Bonne conscience et risque nucléaire
La diabolisation de l'adversaire peut donner bonne conscience
à ceux qui sont tentés par l'aventure militaire.
Elle explique que pendant de nombreuses années les Américains
ont considéré que la guerre menée contre
la population du Vietnam était juste, puisqu'elle équivalait
à une croisade contre le communisme. Le cardinal Francis
Spellman, vicaire aux armées, en visite chez les soldats
américains au Vietnam, les avait gratifiés du titre
de " soldats du Christ ", avait parlé de défense
de la civilisation et affirmé que l'Amérique était
" le bon Samaritain de toutes les nations ". Sa déclaration
fut loin de susciter l'unanimité chez les dirigeants religieux.
Le cardinal Martin, archevêque de Rouen commenta: "
On ne défend pas la civilisation - à plus forte
raison une civilisation dite chrétienne - à coups
de canons et de bombes. Le Christ a fait remettre son épée
au fourreau par l'ami impétueux qui prétendait le
défendre l'arme à la main. Toute guerre moderne
me semble une régression monstrueuse vers la barbarie "
(Documentation catholique, 5 février 1967).
Les risques de destruction massive liés à l'existence
et à l'usage possible de l'arme nucléaire ont accru
les réticences au sujet de la validité éthique
de la théorie de la guerre juste. C'est dans le contexte
de menace nucléaire que Jean XXIII écrit : "
Il est une persuasion qui, à notre époque, gagne
de plus en plus les esprits, c'est que les éventuels conflits
entre les peuples ne doivent pas être réglés
par le recours aux armes, mais par la négociation. Il est
vrai que, d'ordinaire, cette persuasion vient de la terrible puissance
de destruction des armes modernes et de la crainte des cataclysmes
et des ruines épouvantables qu'occasionnerait l'emploi
de ces armes. C'est pourquoi il devient humainement impossible
de penser que la guerre soit, en notre ère atomique, le
moyen adéquat pour obtenir justice d'une violation de droits
" (Pacem in Terris).
Nonobstant cette persuasion surgissent des conjonctures où
l'emploi des armes apparaît inévitable en tant qu'ultime
recours, moins pour assurer la paix à court terme que pour
éviter une dégradation de l'état des choses
ou pour protéger la survie de nations ou de collectivités
en péril. Mais ce recours à la violence armée
devient de plus en plus risqué et lourd de séquelles
imprévisibles. Il marque un échec de la communauté
internationale, un pas en arrière dans la poursuite du
développement solidaire de l'humanité. Voilà
pourquoi, avant de recourir aux armes, il faut investir dans la
négociation, rechercher les compromis réalistes
et honorables et aussi approfondir la connaissance des virus
belligènes.
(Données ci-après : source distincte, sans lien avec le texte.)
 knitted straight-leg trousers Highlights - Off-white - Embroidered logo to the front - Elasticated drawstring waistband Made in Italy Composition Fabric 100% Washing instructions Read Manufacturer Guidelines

Car toute violence, incluant le terrorisme,
s'enracine dans un terreau idoine et s'alimente à des sources
où prolifèrent les germes de mort.Peut-être
que nous produisons nous-mêmes une partie de ce terreau.
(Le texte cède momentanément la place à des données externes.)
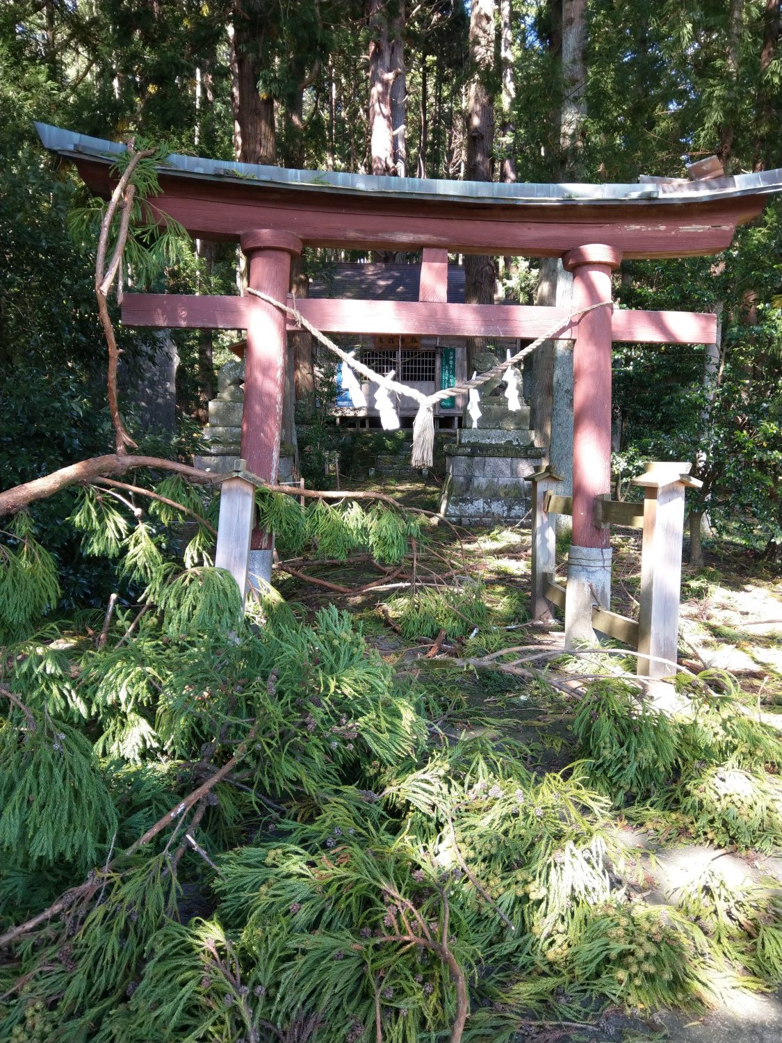 中でも東舘神社は、お社には特に影響がなさそうですが参道が杉の枝が散乱し、しめ縄が切れていてちょっと悲しくなるほどでした。

La guerre, juste ou non juste, conventionnelle ou souterraine,
est un fléau. "De la peste, de la famine et de la
guerre, délivre-nous, Seigneur", dit une antique prière.
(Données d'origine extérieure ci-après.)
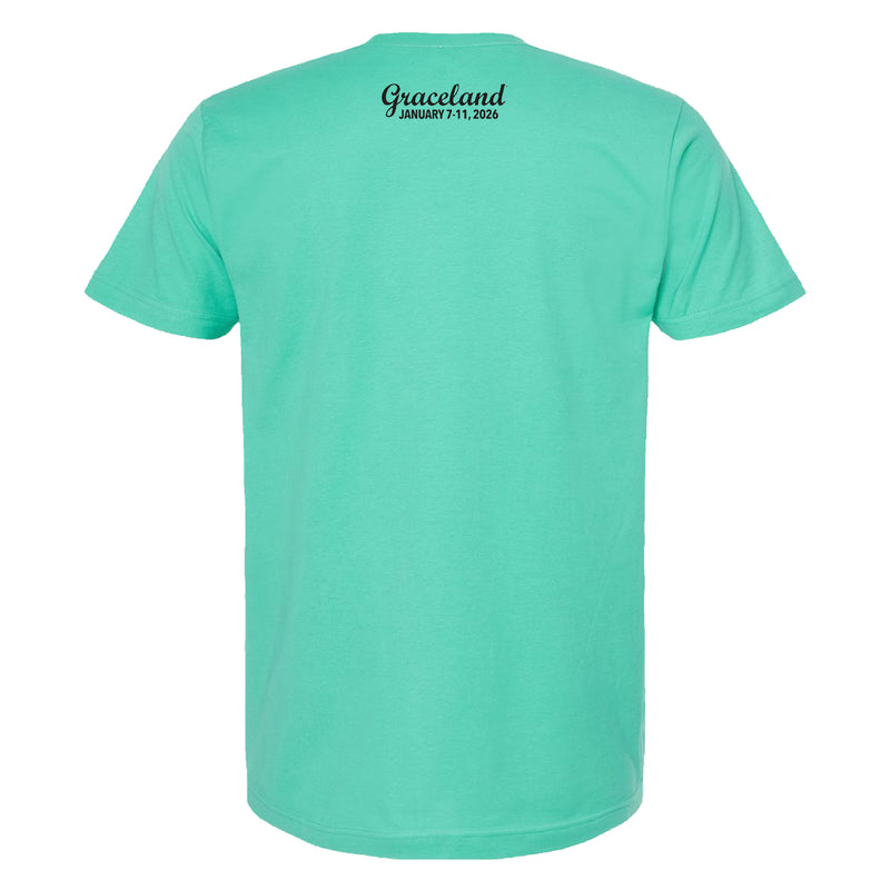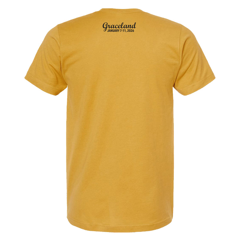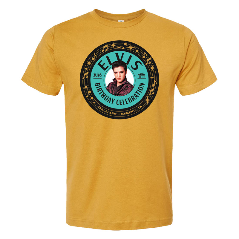 Celebrate the King's legacy with this striking 2026 Elvis Birthday T-shirt featuring a vinyl record design with a photo of Elvis Presley in the records center. Bold "ELVIS" lettering tops the design, followed by "2026 Birthday Celebration" and the Graceland logo. Gold-tone musical notes frame the record's edges, with "Graceland Memphis TN" completing this must-have tribute. "Graceland" and "January 7-11, 2026" is proudly printed on the back of the T-shirt collar. Perfect for fans who want to wear their devotion proudly.

Un fléau dont la proximité nous inquiète,
depuis le 11 septembre. Cette proximité peut nous aider
à comprendre l'angoisse et la détresse de millions
de petites gens qui ailleurs dans le monde appréhendent
de voir s'abattre sur eux les armes vengeresses de la "liberté
immuable". Si nous sommes des artisans de paix, nous trouverons
d'autres solutions que de massacrer des innocents sans défense
réfugiés dans des abris de fortune, sous-alimentés,
sans eau potable, vivant dans la misère extrême.
Il y a sûrement une autre manière de combattre le
terrorisme que d'ajouter au bilan de l'attentat du 11 septembre
en exterminant des milliers de pauvres gens ailleurs sur la planète.